The strength of an acid is determined by its tendency to ionize, which is influenced by the strength and polarity of the $H-X$ bond. For binary acids (acids consisting of hydrogen and one other element), acid strength increases moving from left to right across a period because the electronegativity of the central atom increases, making the bond more polar. For example, binary acid strength follows the trend H-C < H-N < H-O < H-F. Conversely, moving down a column/group, acid strength increases because the bond strength decreases as the atoms get larger, making the bond easier to break. This results in the trend H-F \ll H-Cl < H-Br < H-I, where $HI$ is the strongest acid due to having the weakest bond. Oxoacids are acids containing one or more $O-H$ bonds. For oxoacids with different central atoms but the same number of oxygen atoms, acid strength increases as the electronegativity of the central atom increases. For oxoacids with the same central atom but different numbers of oxygen atoms, strength increases as the number of oxygen atoms increases because the additional oxygens pull electron density away from the $O-H$ bond, making it more polar. Carboxylic acids, a vital class of organic acids, follow a similar principle: as the groups attached to the carboxyl group (the R group) become more electronegative, the $O-H$ bond becomes more polar and breaks more easily, resulting in a stronger acid.

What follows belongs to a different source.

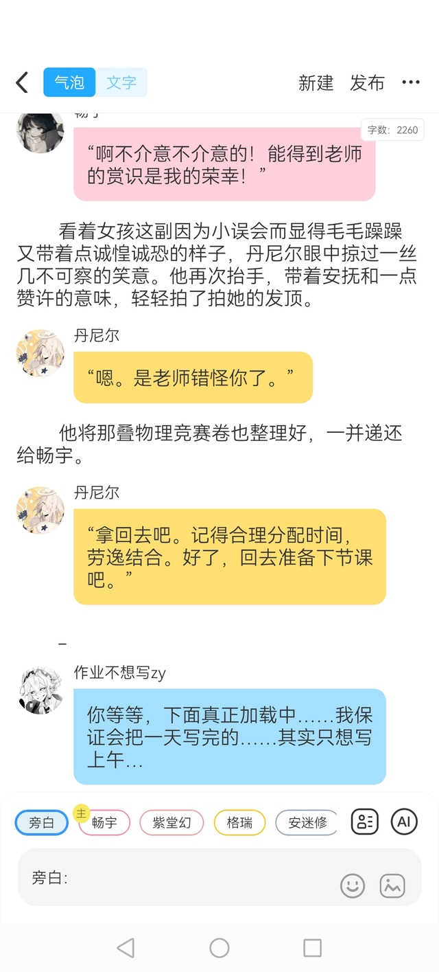 zy我不行了我现在换成APP写的时候才能把畅宇的气泡放右边,我一般都用浏览器写,然后我还发现了只要##就可以把她的气泡放旁边嘿嘿😆
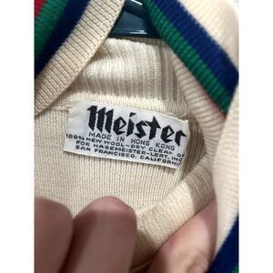 Meister Women's Size 34 Knit Wool Turtleneck Sweater Cream Stripes Sleeve

Acid-Base Properties of Salt Solutions

The pH of a salt solution depends on whether the constituent ions undergo hydrolysis, which is a reaction with water. Salts formed from a strong base and a weak acid produce basic solutions because the anion (the conjugate base of the weak acid) reacts with water to produce hydroxide ions. For example, in a $0.250\,M$ $NaC_2H_3O_2$ solution, the acetate ion ( $C_2H_3O_2^-$ ) undergoes hydrolysis: $C_2H_3O_2^-(aq) + H_2O(l) ightleftharpoons HC_2H_3O_2(aq) + OH^-(aq)$ . The pH is calculated by finding the $K_b$ of acetate ( $K_w / K_a$ of acetic acid) and using an ICE table. Salts formed from a weak base and a strong acid produce acidic solutions because the cation (the conjugate acid of the weak base) reacts with water to produce hydronium ions. Additionally, small, highly charged metal cations such as $Al^{3+}$ , $Cr^{3+}$ , $Fe^{3+}$ , $Bi^{3+}$ , and $Be^{2+}$ can undergo hydrolysis to produce acidic solutions. Neutral solutions are produced by salts where the cation is from a strong base and the anion is the conjugate base of a strong acid (e.g., $NaCl$ , $KNO_3$ ), as neither ion undergoes significant hydrolysis. When both the cation and anion are capable of hydrolysis, the overall pH depends on the relative values of $K_a$ and $K_b$ . If K_a > K_b, the solution is acidic; if K_b > K_a, the solution is basic; and if $K_a \approx K_b$ , the solution is neutral. For instance, in ammonium fluoride ( $NH_4F$ ), one would compare the $K_a$ of $NH_4^+$ to the $K_b$ of $F^-$ to determine the acidity.

Lewis Acids and Bases

In addition to the Arrhenius and Brønsted definitions, the Lewis system provides a more general classification of acids and bases based on electron pairs. A Lewis acid is defined as a substance that can accept a pair of electrons, while a Lewis base is a substance that can donate a pair of electrons. The significance of the Lewis definition is that it encompasses many chemical reactions that do not involve the transfer of a proton, expanding the scope of acid-base chemistry to include a broader range of molecular interactions.